Under Mortgagee Letter 2018-02 (https://www.hud.gov/sites/dfiles/OCHCO/documents/18-02ml.pdf), FHA instructed lenders and servicers to suspend all foreclosure actions against insured borrowers in these Presidentially Declared Major Disaster Areas until May 18.

This is the second moratorium extension ordered this year. Last month, FHA extended its mortgage relief measures to FHA-insured homeowners who live or work in areas impacted by Hurricanes Harvey, Irma and Maria as well as California wildfires and subsequent flooding and mudslides.

Under Mortgagee Letter 2018-02, FHA-insured homeowners may qualify for this relief under the following conditions:

–The household lives within the geographic boundaries of a Presidentially declared disaster area impacted by Hurricane Maria;

–A household member of someone who is deceased, missing or injured directly due to the disaster; or

–The borrower’s ability to make mortgage payments is directly or substantially affected by a disaster.

FHA last week introduced a new option to help struggling borrowers impacted by Hurricane Maria and other 2017 disasters to resume their pre-disaster mortgage payments without payment shock. FHA’s new “Disaster Standalone Partial Claim” covers up to 12-months of missed mortgage payments via an interest-free second loan on the mortgage, payable only when the borrower sells the home or refinances their mortgage. In addition, this new option requires no trial period or balloon payment and allows borrowers to keep their existing low interest rate and loan term as well as their existing monthly mortgage payment. FHA’s expanded loss mitigation will also streamline income documentation and other requirements to expedite relief to homeowners struggling to pay their mortgage while recovering from last year’s disasters.

FHA also has several other options to help disaster victims recover, including:

–Offering forbearance and loan modification options. HUD offers different forbearance and loan modification options for FHA borrowers affected by disasters. Borrowers having trouble making regular payments should contact their loan servicer as soon as possible for more information.

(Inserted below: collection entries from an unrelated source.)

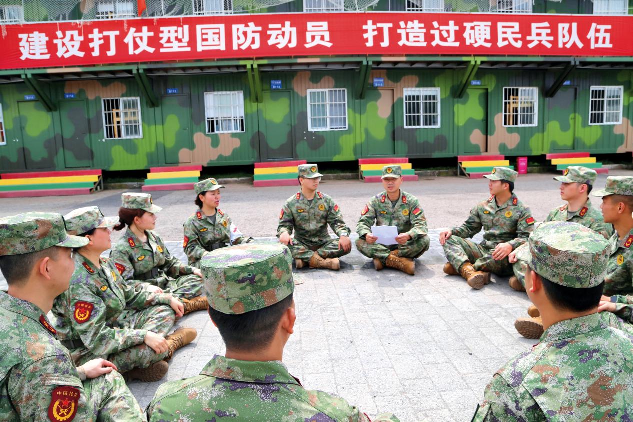 渝北區(qū)人武部利用訓(xùn)練間隙組織民兵分隊(duì)進(jìn)行學(xué)習(xí)討論。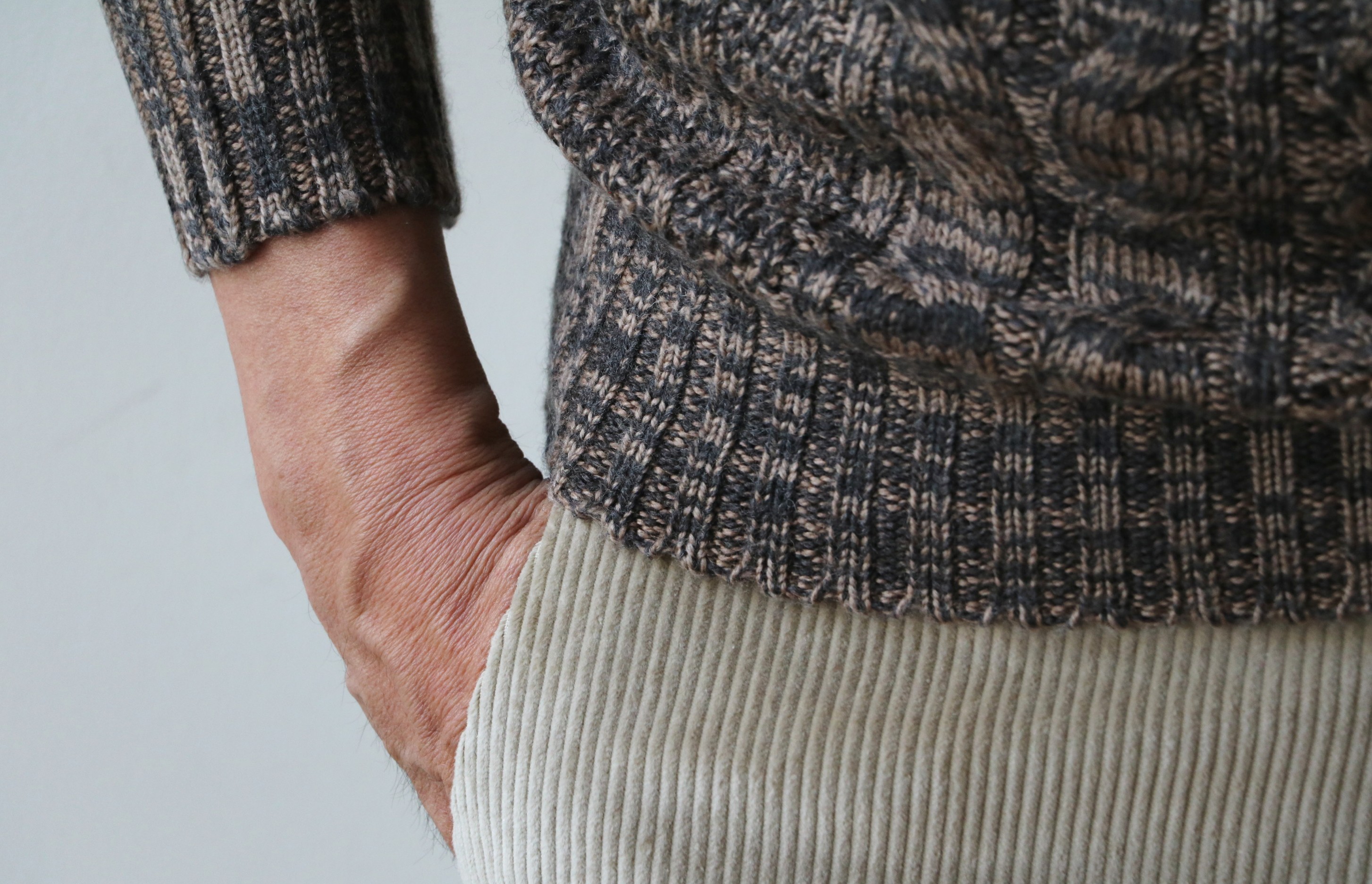 コーデュロイの中でもエレガントな表情を見せる太畝のコーデュロイ。角度によって濃淡の出る砂浜のようなサンドベージュを選びました。できれば、ウィンターベージュと名付けたいですね。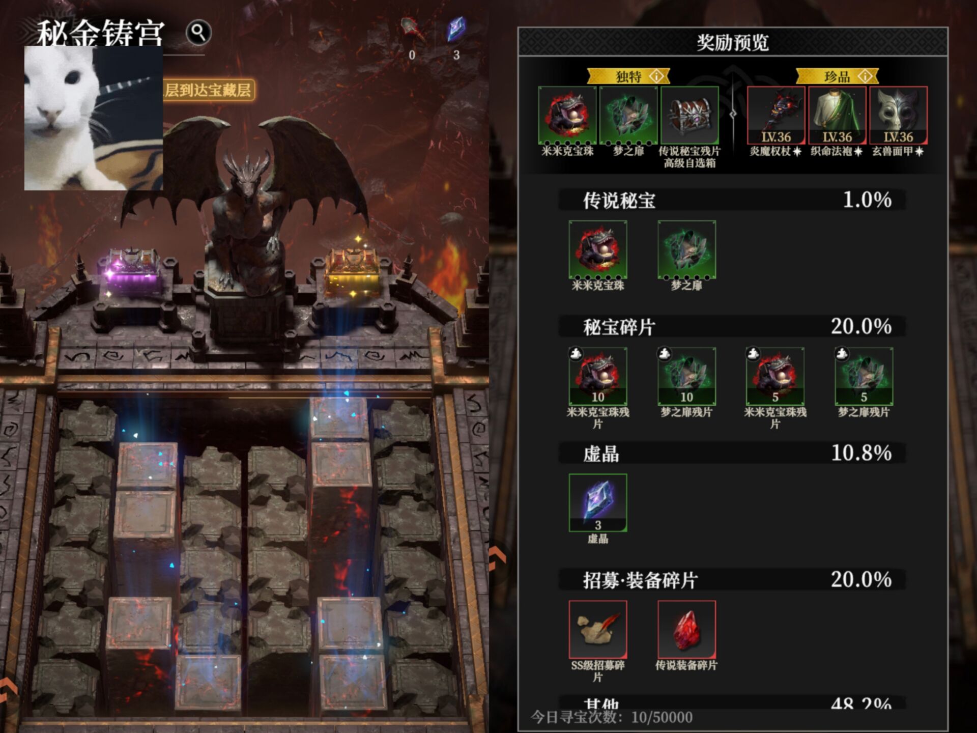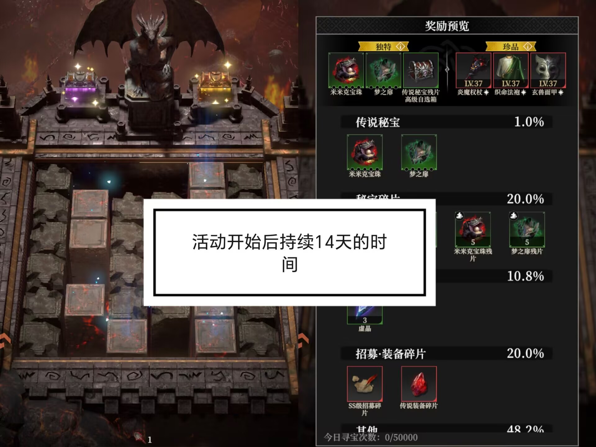 3:【秘金铸宫】的奖励主要有哪些?答:主要可以获得传:说级秘宝、虚晶、ss招募碎片、传说装备碎片等核心奖励。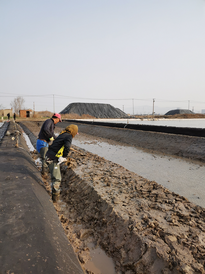 “駕駛挖掘機(jī)的是我女婿,這塊地以前是征地廢棄的,現(xiàn)在打好堰就能用起來?!毙律先蔚念I(lǐng)灘手徐傳禮指著正在土方作業(yè)的挖掘機(jī),算起了賬,“今年多產(chǎn)50噸鹽沒問題,自掏腰包改造還是劃算的?!?/span>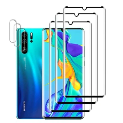 Tzstz 3 + Pieces Tempered Glass Screen Protector for Huawei P30 Pro, 3D Full Coverage Protector, Bubble Free, Anti Scratch, HD Film
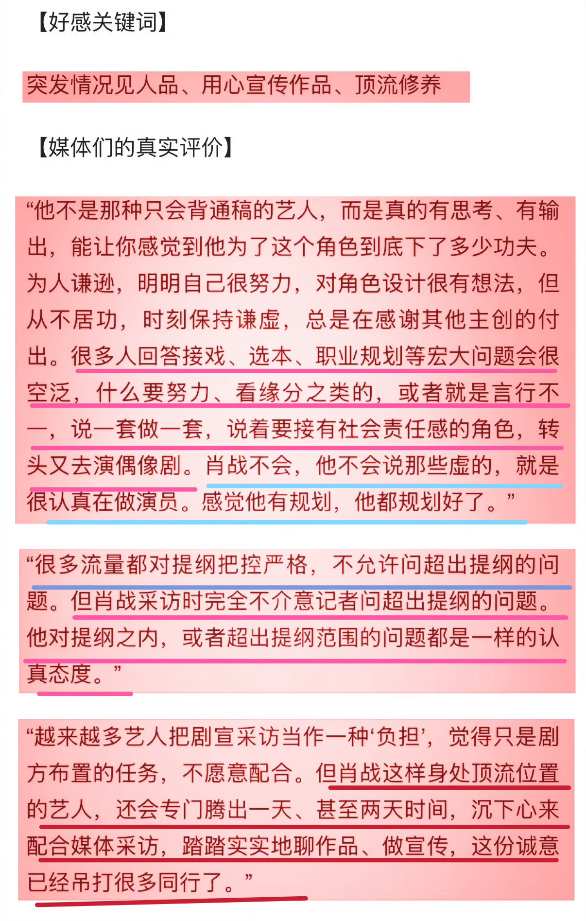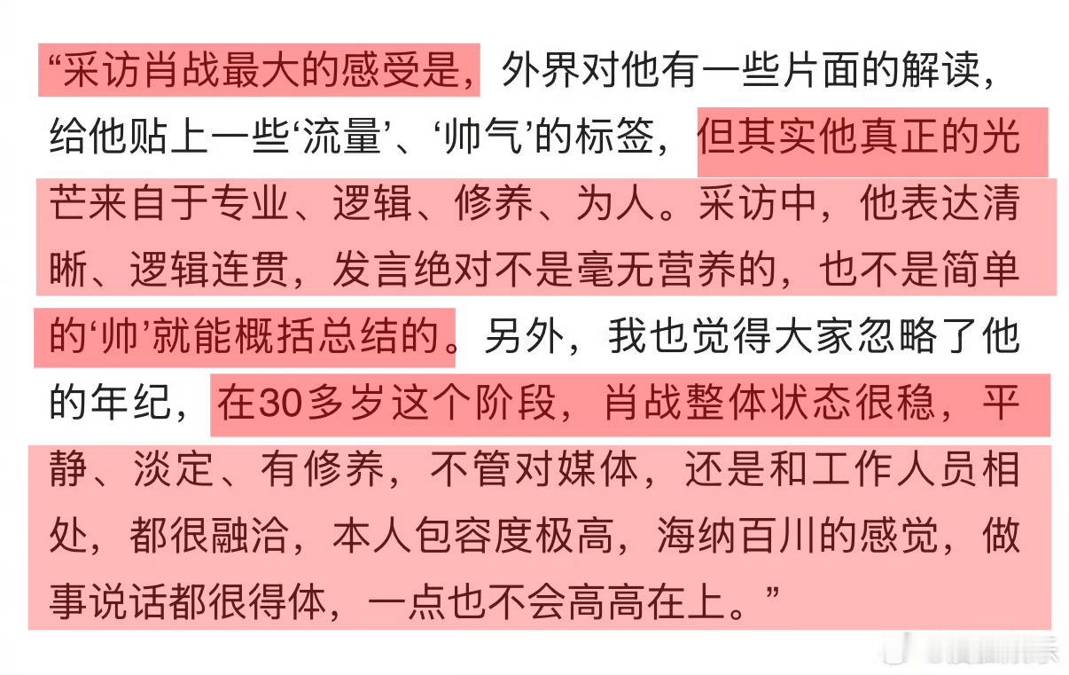 微博之夜肖战2025媒体好感艺人top1肖战是媒体眼中的满分男媒体们对肖战的真实评价:➤“肖战不是那种只会背通稿的艺人,而是有思考、言之有物的输出!真诚!➤“肖战身为断层顶流,仍会专门腾出时间配合采访、踏实聊作品做宣传,这份诚意吊打很多同行了。”➤“肖战状态沉稳淡定、修养极佳,待人接物融洽得体,毫无高高在上的架子。本人包容度极高,海纳百川的感觉,做事说话都很得体!”➤“肖战采访中,无论问题是否在提纲内,他都同样认真对待。”➤“拍摄设备突发故障时,他和团队全程耐心等待,没有半句抱怨。微博之夜2025媒体好感度最高的五位艺人王彦霖肖战勾肩搭背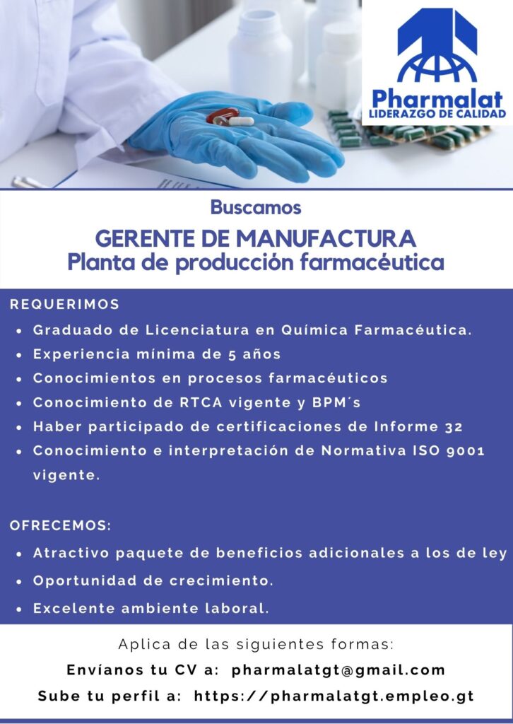 Oportunidad laboral para Químico (a) Farmacéutico (a) para Gerente de Manufactura.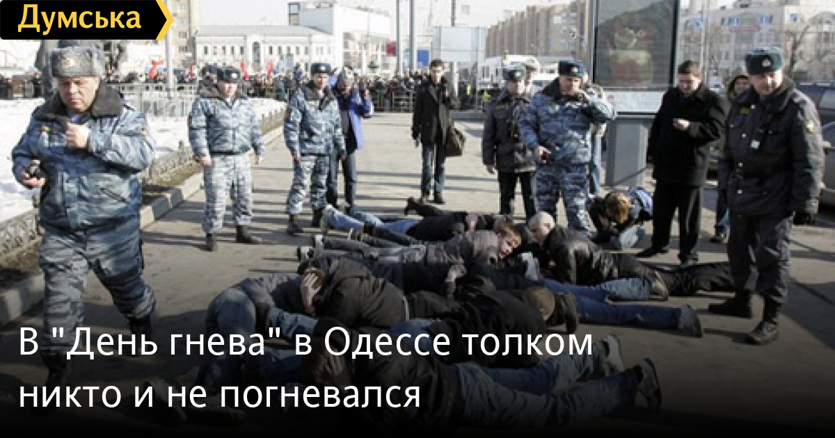 Всеукраинская акция протеста «День гнева», которая в Киеве закончилась столкновениями митингующих с «Беркутом», в Одессе не вызвала особого резонанса. Так, вчера к зданию мэрии на Думскую площадь Одессы пришли порядка десятка протестующих, среди которых – общественные деятели, соратники экс-мэра Э.Гурвица: Феликс Кобринский и Сергей Гуцалюк. При этом здание муниципалитета стерегли несколько десятков правоохранителей. Тем временем, порядка 80 представителей партии «Фронт перемен» вышли к стенам Одесской облгосадминистрации. По словам председателя одноименной фракции в Одесском горсовете Александра Остапенко, политическая сила не получала приглашений на участие в акции. «Наши партийцы решили выйти на митинг в срочном порядке сами. Наша позиция в том, что Президент в результате неудавшихся и непродуманных реформ и отсутствия комплексного плана развития страны должен отправить правительство Азарова в отставку», – отметил Остапенко. Отметим, что акция протеста «День гнева» в Одессе была анонсирована на 11:00 14 мая на Думской площади. Кроме того, организаторы тпризвали граждан выйти к стенам облгосадминистраций всех регионов Украины. «Эта акция должна стать сигналом того, что ни псевдореформы, ни псевдореформаторы Украине больше не нужны. С каждым днем жизнь украинцев существенно ухудшается. Если не остановить этот процесс сейчас, завтра не будет иметь смысла. И быстрота, с которой Украина летит в пропасть, не оставляет времени для раздумий. 14 мая все граждане, небезразличные к судьбе Украины, должны выйти на улицы и показать всему миру, что украинская не является молчаливым стадом, которое можно безнаказанно гнать на убой», – отметили организаторы.
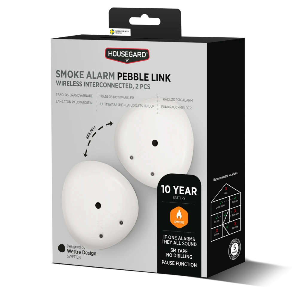 Housegard Pebble Link langaton palovaroitin, sis. 10-vuoden paristo, 2-pack
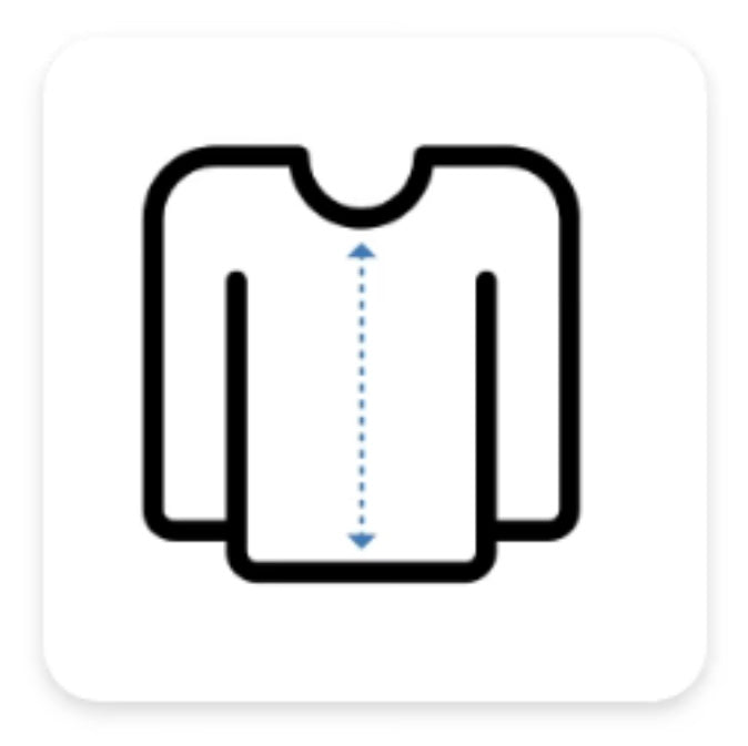 Mælt frá klofsaumi að fal eða frá mittislínu að fal á kjólum og pilsum.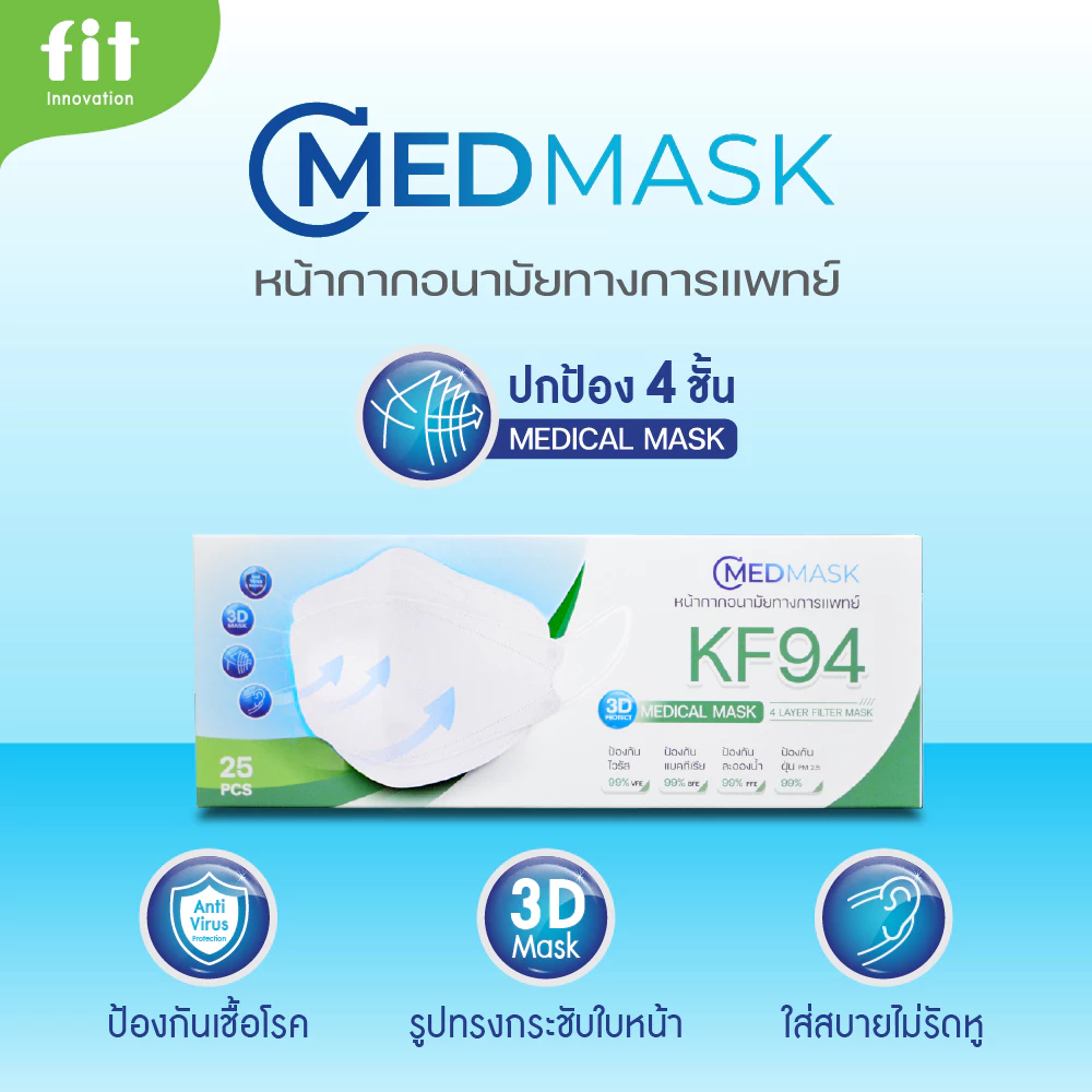 CMED MASK KF94 Medical Mask 4 Layers ซีเมด มาสก์ หน้ากากอนามัยทางการแพทย์ [25 ชิ้น][มีให้เลือก 2 สี]

–Making mortgage insurance available: HUD’s Section 203(h) program provides FHA insurance to disaster victims who have lost their homes and are facing rebuilding or buying another home. Borrowers from participating FHA-approved lenders are eligible for 100 percent financing, including closing costs.

–Making insurance available for both mortgages and home rehabilitation: HUD’s Section 203(k) loan program enables those who have lost their homes to finance the purchase or refinance of a house along with its repair through a single mortgage. It also allows homeowners who have damaged houses to finance the rehabilitation of their existing single-family home;

–Sharing information with FEMA and states on housing providers that may have available units in the impacted counties: this includes Public Housing Agencies and Multi-Family owners. The Department will also connect FEMA and states to subject matter experts to provide information on HUD programs and providers.